Les cuves de fermentation où réside le mystère de la bière
C'est au cours de cette période que se forment le goût, l'arôme et le gaz carbonique. La fermentation principale se ralentit lorsque le moût s'est appauvri en matières sucrées et azotées. Intervient alors la fermentation secondaire, dite de garde. Cette seconde fermentation peut durer de quelques jours à plusieurs mois, selon la qualité et le type de bière. La bière continue à fermenter; elle se décante, son goût s'affine et enfin elle se sature en gaz carbonique. La garde s'effectue dans des cuves constituées de tanks métalliques ou bien de foudres en bois ou en ciment.
La Filtration
Bien que l'action de la garde soit bénéfique pour la bière, celle-ci est loin de posséder toutes les qualités recherchées par le consommateur : elle est encore légèrement trouble et contient toujours des cellules de levure en suspension. La bière subit une filtration afin d'améliorer sa limpidité et sa stabilité.
Le Conditionnement
Avant la commercialisation, restent encore le soutirage et le conditionnement. Durant cette opération qui a pour but de faire passer la bière, stockée sous pression à 0°C dans une grande cuve, dans des tonneaux, des bouteilles ou des boîtes, la bière filtrée est très fragile et risque de s'oxyder, de s'infecter au contact de l'air ou encore de perdre une partie de son gaz carbonique.
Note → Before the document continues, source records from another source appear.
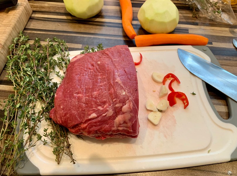 Beef aus Argentinien 8. März 2020 3912 × 2900 Tranchen von der Hüfte mit Kartoffel-Kohlrabi-Ragout eine halbe Hüfte
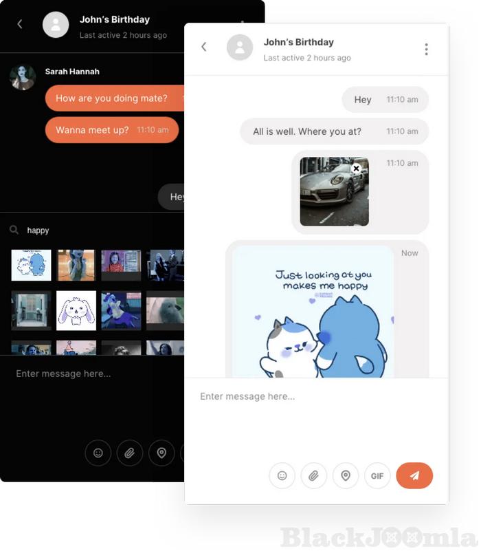 Quickly share images from Giphy with the built-in Giphy support.
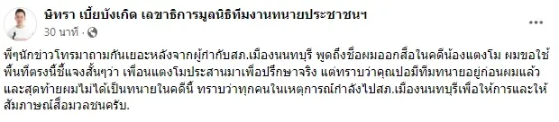 แต่ทราบว่าคุณปอมีทีมทนายอยู่ก่อนผมแล้ว และสุดท้ายผมไม่ได้เป็นทนายในคดีนี้ ทราบว่าทุกคนในเหตุการณ์กำลังไปสภ.เมืองนนทบุรีเพื่อให้การและให้สัมภาษณ์สื่อมวลชนครับ”
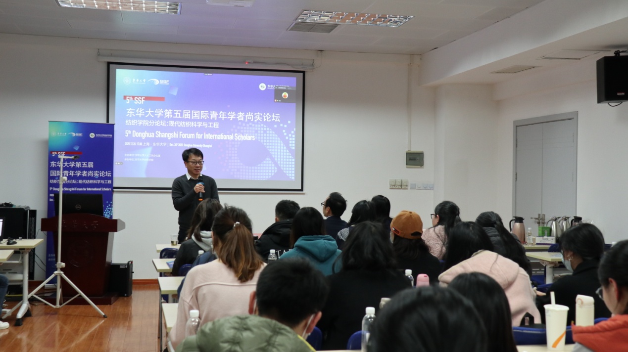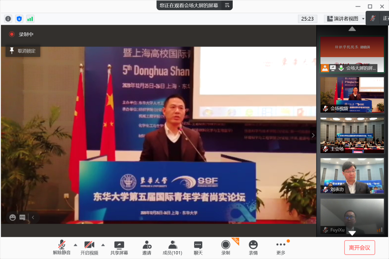 12月26日下午5:00,东华大学第五届国际青年学者尚实论坛“现代纺织科学与工程”分论坛在金沙js3833楼3004会议室举行,本次分论坛分为线上线下同步举行。金沙js3833党委书记李成龙,副院长王富军,副院长许福军,各系系主任及学生共计100余人参加了本次分论坛。
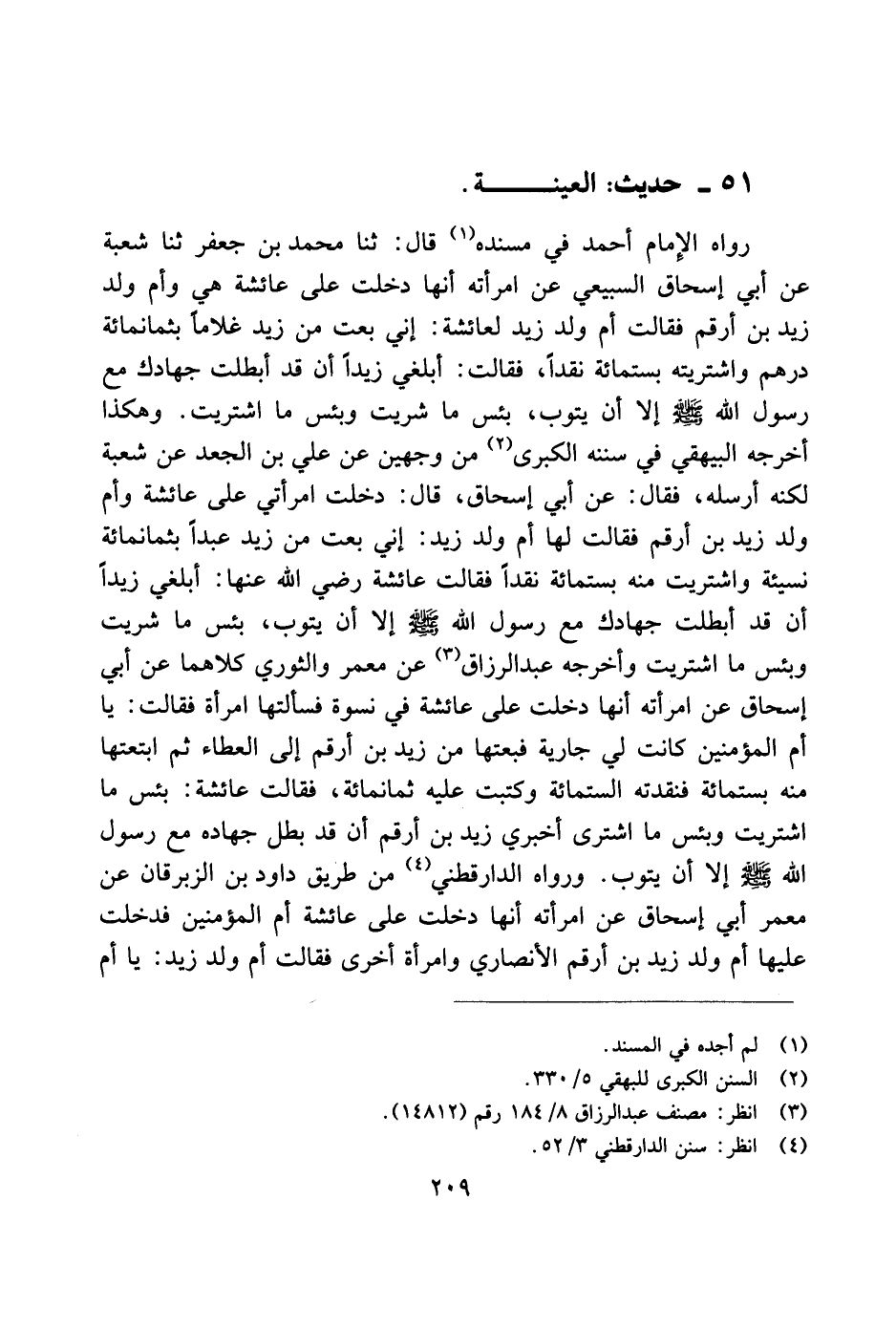 رواه الإمام أحمد في مسنده قال: ثنا محمد بن جعفر ثنا شعبة عن أبي إسحاق السبيعي عن امرأته أنها دخلت على عائشة هي وأم ولد زيد بن أرقم فقالت أم ولد زيد لعائشة: إني بعت من زيد غلامً بثمانمائة درهم واشتريته بستمائة نقدًا، فقالت: أبلغي زيدًا أن قد أبطلت جهادك مع رسول الله صلى الله عليه وسلم إلا أن يتوب، بئس ما شريت وبئس ما اشتريت. وهكذا أخرجه البيهقي في سننه الكبرى من وجهين عن علي بن الجعد عن شعبة لكنه أرسله، فقال: عن أبي إسحاق، قال: دخلت امرأتي على عائشة وأم ولد زيد بن أرقم فقالت لها أم ولد زيد: إني بعت من زيد عبدًا بثمانمائة نسيئة واشتريت منه بستمائة نقدًا فقالت عائشة رضي الله عنها: أبلغي زيدًا أن قد أبطلت جهادك مع رسول الله صلى الله عليه وسلم إلا أن يتوب، بئس ما شريت وبئس ما اشتريت وأخرجه عبد الرازق عن معمر والثوري كلاهما عن أبي إسحاق عن امرأته أنها دخلت على عائشة في نسوة فسألتها امرأة فقال: يا أم المؤمنين كانت لي جارية فبعتها من زيد بن أرقم إلى العطاء ثم ابتعتها منه بستمائة فنقدته الستمائة وكتبت عليه ثمانمائة، فقالت عائشة: بئس ما اشتريت وبئس ما اشترى أخبري زيد بن أرقم أن قد بطل جهاده مع رسول الله صلى الله عليه وسلم إلا أن يتوب. ورواه الدارقطني من طريق داود بن الزبرقان عن معمر أبي إسحاق عن امرأته أنها دخلت على عائشة أم المؤمنين فدخلت عليها أم ولد زيد بن أرقم الأنصاري وامرأة أخرى فقالت أم ولد زيد: يا أم

C'est pour ces raisons, que les opérations de soutirage doivent s'effectuer dans des conditions d'hygiéne maximale. Pour remplir les différents modes de conditionnement, on utilise une soutireuse dite “isobaromètrique” qui permet de remplir les bouteilles, tonneaux ou boîtes sous pression et d'empêcher la bière de mousser. Puis entrent en action et à tour de rôle, la capsuleuse, la pasteurisation qui permet d'assurer la bonne conservation de la bière après sa sortie de la brasserie, et qui consiste à détruire toute trace de levure et micro-organismes en chauffant la bière pendant environ une vingtaine de minutes à 0°C, l'étiqueteuse.
Conditionnée définitivement sous pression dans des tonneaux ou des bouteilles bardées de leur étiquette rutilante, la bière entre dès lors dans le circuit de la vente.